On The Fifth Utility, we often profile a wide variety of industries and applications that rely on compressed air or gas. While you may not be up on the latest fashions being introduced this week on the many catwalks at New York Fashion Week, you are likely familiar with one of many tools used in the fashion industry – the sewing needle. Such a seemingly insignificant tool, along with its trusty partner thread, helps turn mere pieces of fabric into the clothing we wear every day.

At the Singer sewing machine factory in Indaiatuba, Brazil, some 180 million sewing needles are produced every year. The carbon steel needles undergo a heat treatment process called tempering, where they pass through an oven heated to 1,470 degrees Fahrenheit. During the process, which strengthens the steel, oxygen is removed from the oven and replaced with nitrogen gas to create an inert atmosphere. If even a small amount of oxygen touches the carbon steel at such a high temperature, corrosion will immediately affect the material and render it useless.

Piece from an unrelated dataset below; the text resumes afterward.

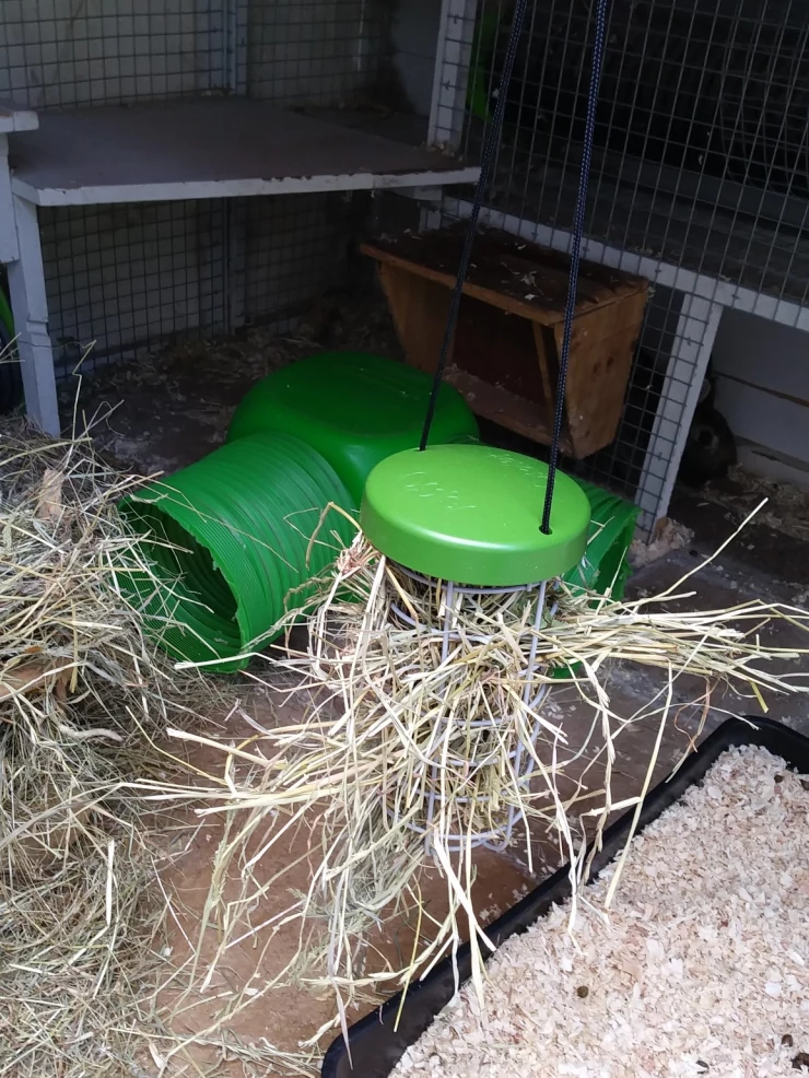 Beskrivelse: Ikke kun til høns, genial høhylde til kaniner

To ensure the absolute purity and reliability of nitrogen gas for this process, and to reduce costs and increase productivity, the factory switched from bulk delivery of liquid nitrogen to onsite nitrogen generation. Even with the capital costs associated with onsite nitrogen generation, including compressed air equipment, power and maintenance, companies can reduce costs and realize a return on investment in as few as nine to 24 months depending on the equipment already present at the facility. Plus, in each subsequent year, regular operational expenses can drop even further.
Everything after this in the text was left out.